Submission Details

RYR2 was evaluated for autosomal dominant dilated cardiomyopathy (DCM). RYR2 has also been curated by the gene curation expert panel for catecholaminergic polymorphic ventricular tachycardia (CPVT) (definitive, 1/2021), hypertrophic cardiomyopathy (limited, 12/2022), and arrhythmogenic right ventricular cardiomyopathy (ARVC) (refuted, 7/2019). In addition, RYR2 has been reported with ventricular arrhythmias due to cardiac ryanodine receptor calcium release deficiency syndrome (VACRDS) at the time of review. RYR2 gain-of-function mutations can lead to CPVT, whereas RYR2 loss-of-function mutations can lead to VACRDS. This was considered in accordance with ClinGen lumping and splitting criteria. Due to the distinct differences in phenotypic variability and mechanism, the curation was split and curated for autosomal DCM. The mechanism of DCM pathogenicity is likely related to gain-of-function (Tang et al, 2012, PMID 22374134).

Human genetic evidence supporting this gene-disease relationship includes case-level data. At least 4 missense variants and 1 truncating variant have been reported in humans with DCM (PMID: 32041989, 34597909, 32748945, 31931689, 38479959). Excluding studies that did not examine the genes TTN or FLNC, two missense variants remain for case-level scoring. A 12-year-old male with dilated cardiomyopathy with biventricular dysfunction in the setting of multifocal atrial tachycardia was found with a RYR2 p.Ile4857Asn missense variant (Ramchand et al, 2020, PMID 31931689). There is no ClinVar entry and no segregation information. Of note, this variant is within the CPVT hotspot at the C-terminus, where nearby variants p.Phe4851Leu, p.Ile4855Met, p.Ile4857Val, and p.Ile4862Thr have been asserted, in some cases with conflicting assertions, as disease-causing for CPVT and LVNC. In addition, the p.Ser3349Leu variant has been identified in 3 families (Ben-Haim et al, 2024, PMID 38479959). The proband is a 24-year-old female with sudden death due to VF arrest and a morphologically normal heart. Through family evaluation, 4 relatives were found to have DCM and carry the p.Ser3349Leu variant. The same variant was found in another heart failure patient who was found with DCM on postmortem exam and another family with sudden unexpected death in the young and dilated cardiomyopathy. There is no case-control data in support of disease-causation in DCM (Walsh et al, 2016, PMID 39411402).

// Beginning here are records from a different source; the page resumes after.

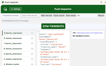 Push Inspector, Google Tag Manager (GTM) ve GA4 ile çalışan geliştiriciler ve analistler için tasarlanmış bir Chrome eklentisidir. Bu araç, dataLayer olaylarını anlık olarak izleyip doğrulama yapma imkanı sunar. Kullanıcılar, canlı olay izleme, JSON şeması doğrulama ve detaylı hata raporları gibi özelliklerden yararlanarak, GTM uygulamalarını daha etkili bir şekilde test edebilirler.
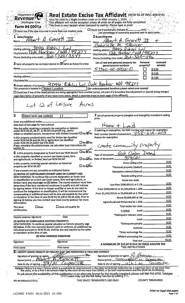 | 1 | 12/29/2020 | QCD | Quit Claim Deed | HART, TYLER | HART, JESSICA | | | $0.00 | 46363 | 4506666 |
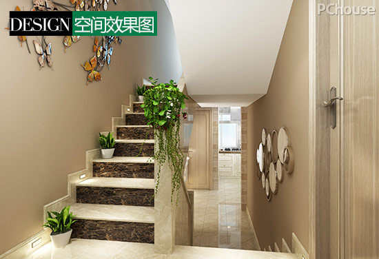 4.楼道设计简单,但在墙面和地板装饰上花心思,提高整个空间的亮度与质感。
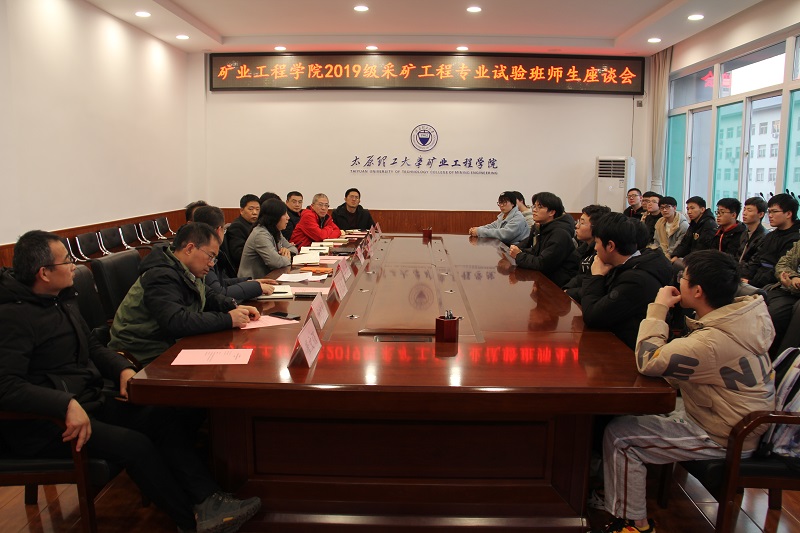 2021年12月31日下午,太阳成集团tyc122ccvip在致明楼318会议室召开了“2019级采矿工程专业实验班师生座谈会”,经理董宪姝、副经理王开、采矿工程系和机电工程系主任、副主任、支部书记及骨干教师、2019级采矿工程专业实验班全体同学参加了会议,会议由王开副经理主持。
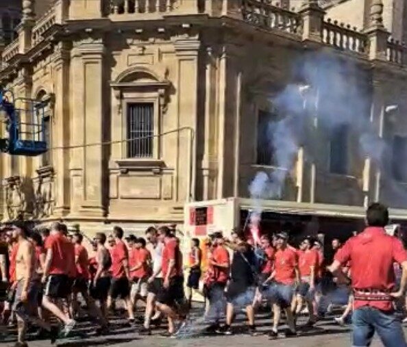 Ni Franco se atrevió a ordenar o inspirar que los hinchas del fútbol español de cualquiera de sus equipos y divisiones desfilaran militarmente por las calles de España. Por eso lo vivido horas antes de la final de la Copa del Rey en el centro de Sevilla, merece verse, pensarse y votarse en consecuencia, entre otras cosas más que el futuro nos dirá. No es fácil verlo porque, salvo Libertad Digital y algún tuitero suelto, nadie se ha hecho eco de la agresión proetarra a toda una ciudad, precisamente donde fueron asesinados Alberto Jiménez Becerril, teniente de alcalde del PP en el Ayuntamiento Sevillano y su esposa, Ascen García Ortiz hace veinticinco años.

In addition, this gene-disease assertion is supported by function and animal models. RYR2 gene expression is highly cardiomyocyte specific. The RyR2-S2808D+/+ knock-in mice, in which the serine-to-aspartate substitution mimic constitutive PKA hyperphosphorylation resulting in leaky RyR2, developed an age-dependent cardiomyopathy, elevated RyR2 oxidation and nitrosylation, reduced SR Ca2+ store content and increased diastolic SR Ca2+ leak (Shan et al, 2010, PMID 21099115). After myocardial infarction, RyR2-S2808D+/+ mice exhibited increased mortality compared with WT littermates. In addition, the RYR2 I4093V +/- heterozygous randomly mutagenized mouse model, that is easily provoked to have ventricular arrhythmia from epinephrine, developed age-dependent cardiomyocyte hypertrophy, increased heart weight, and reduced LV EF (Okabe et al, 2024, PMID 38621141).

In the case-level and mouse model data described above, individual RYR2 variants may manifest in atrial or ventricular arrhythmia, dilated cardiomyopathy or a combination of these features. Additional data will be required to determine the relationship between RYR2 variant type, arrhythmia and cardiomyopathy, as well as whether RYR2 causes DCM with or without arrhythmia.

In summary, there is limited evidence to support this gene-disease relationship. More evidence is needed to support the relationship of RYR2 with autosomal dominant DCM.

This classification was approved by the ClinGen Dilated Cardiomyopathy Working Group on 1/10/2025.